UNHCR and its partner, Muslim Aid, are distributing emergency relief items to families who have escaped the city and are sheltering at Amiriyat al-Falluja. The agency will also open two new camps in coming days in Habbaniyah Tourist City, that will able to accommodate 500 newly-displaced families.

Falluja is one of two remaining strongholds held by ISIL, the other being Mosul, Iraq’s country’s second city. For the past few weeks, there has been intensified fighting around Falluja and airstrikes by coalition forces as the Iraqi Security Forces advanced towards the city.

Families that escaped have told UNHCR and its protection partners harrowing tales of their flight, trekking for hours at night, moving across fields and hiding in disused irrigation pipes. Others have lost their lives trying to leave the city, including women and children.
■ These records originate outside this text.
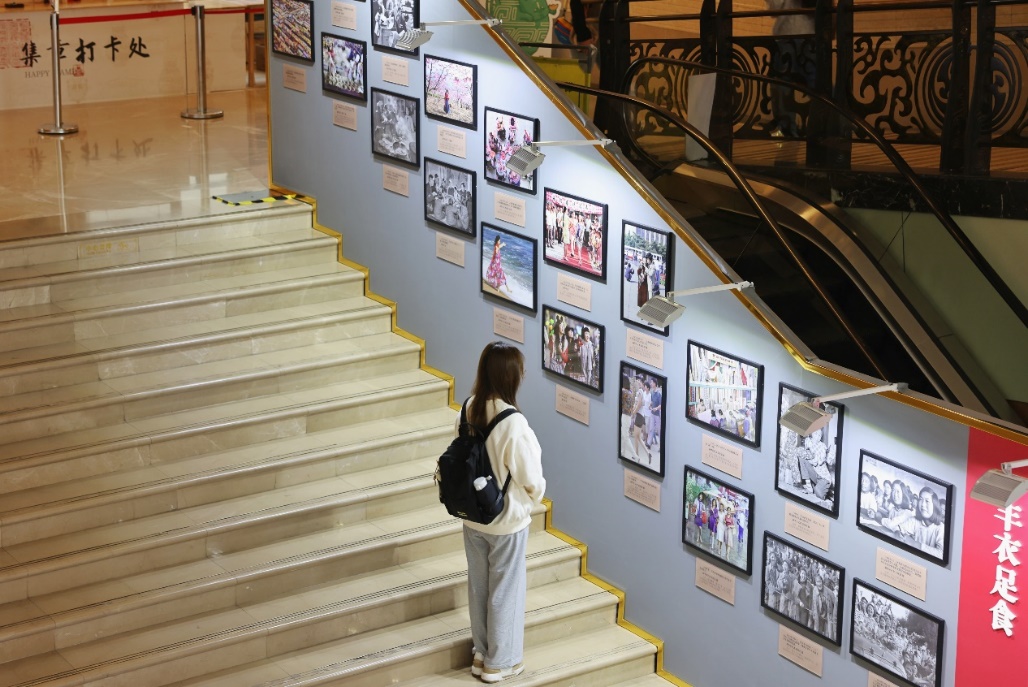 师生跟随讲解员的步伐,沿着螺旋型走廊参观。从1982年体操运动员吴佳妮高低杠腾跃瞬间到2024年网球运动员郑钦文夺冠后挥拍庆祝的瞬间,从东方红一号卫星发射再到我国第一辆国产大飞机C919的生产装配,一张张经典照片让师生们驻足观赏,体悟光影让瞬间成为永恒,感受镜头定格历史作为记忆的独特魅力。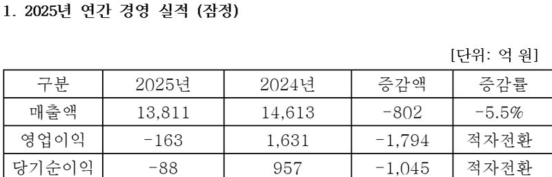 [파이낸셜뉴스] 진에어는 2025년 영업이익이 -(마이너스)163억원으로 전년 동기 1631억원 대비 적자전환했다고 19일 밝혔다. 순이익도 2025년 -88억원으로 2024년 957억원 대비 적자전환했다. 매출액은 2025년 1조3811억원으로 2024년 1조4613억원 대비 5.5% 줄었다.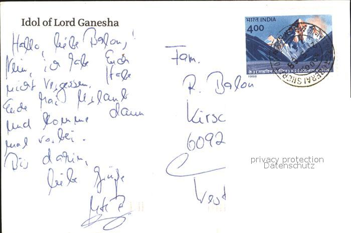 alte Postkarte Elefant Idol of Lord Ganesha postalisch gelaufen Erhaltung siehe scans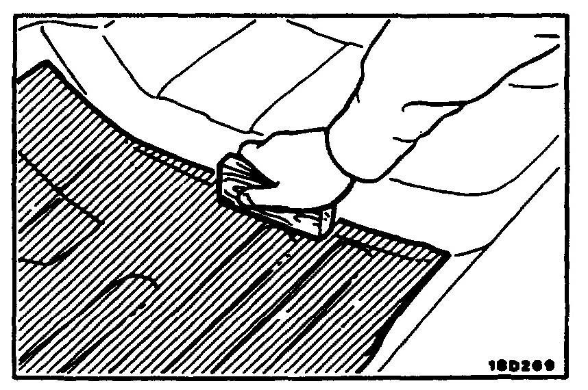 ATTACHMENT OF SILENCERSSilencers (petroleum-asphalt sheets) are attached to the upper surface of the floor and at the interior side of the dash panel in order to absorb vibrations and shut out exhaust gas heat. If these silencers are peeled off in the course of replacement or repair of a welded panel, cut and attach replacement materia (in the shape shown in the figure). For detailed information concerning the locations where silencers are to be attached for individual models, refer to the manual for that model.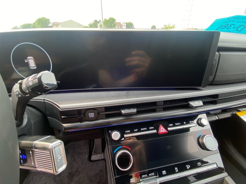 - Radio: AM/FM/HD Bose Premium Audio System -inc: 12 speakers including subwoofer, external amplifier, 12.3" wide touchscreen, Apple CarPlay and Android Auto, Bluetooth® hands-free w/wireless audio streaming, dynamic voice recognition, USB connectivity, SiriusXM, Blue Link+ connected car system, over-the-air updating capability, navigation system including traffic flow w/incident data via HD Radio (HERE) and rear seat quiet mode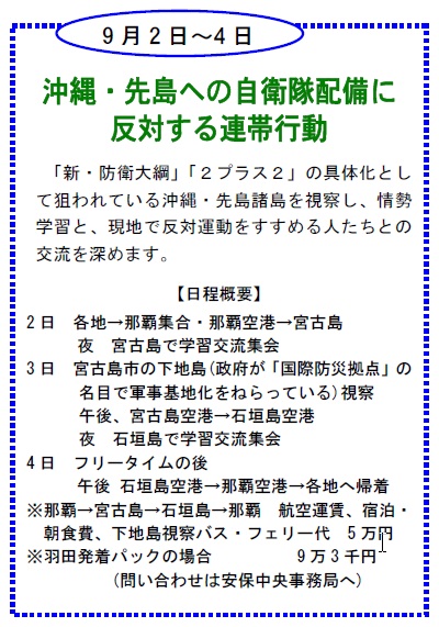 前回のブログでは、与那国島への自衛愛配備が着々と進められていると述べましたが、沖縄統一連では、先島への自衛隊配備を阻止するために、9月に宮古島、石垣島で集会を開催を計画しているようです。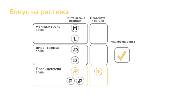 Въвеждаме разделение на три зони: мениджърска, директорска и президентска. Ако някога в своята история на съвместна работа с Colway International Партньорът е бил на позиция пр. ВП – за да получи квалификация за Бонус на растежа – трябва да се намира в президентската зона. Падането в директорската зона, напр. на позиция Директор, означава, че Партньорът няма да получи квалификацията. След връщане в президентската зона получава квалификацията. Аналогично изглеждат нещата и по отношение на останалите зони.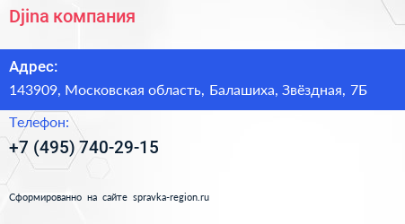 Djina, компания по адресу 143909, Московская область, Балашиха, Звёздная, 7Б в дальнейшем Организация, размещена в следующих категориях:

Inside Falluja, there have been reports of a dramatic increase in the number of executions of men and older boys for refusing to fight on behalf of ISIL. Other reports say a number of people attempting to leave have been executed or whipped, and one man’s leg was reportedly amputated.

In addition, many people are reported to have been killed or buried alive under the rubble of their homes in the course of ongoing military operations.

UNHCR has said it is vital that safe routes are opened, allowing civilians access to safety and live-saving assistance.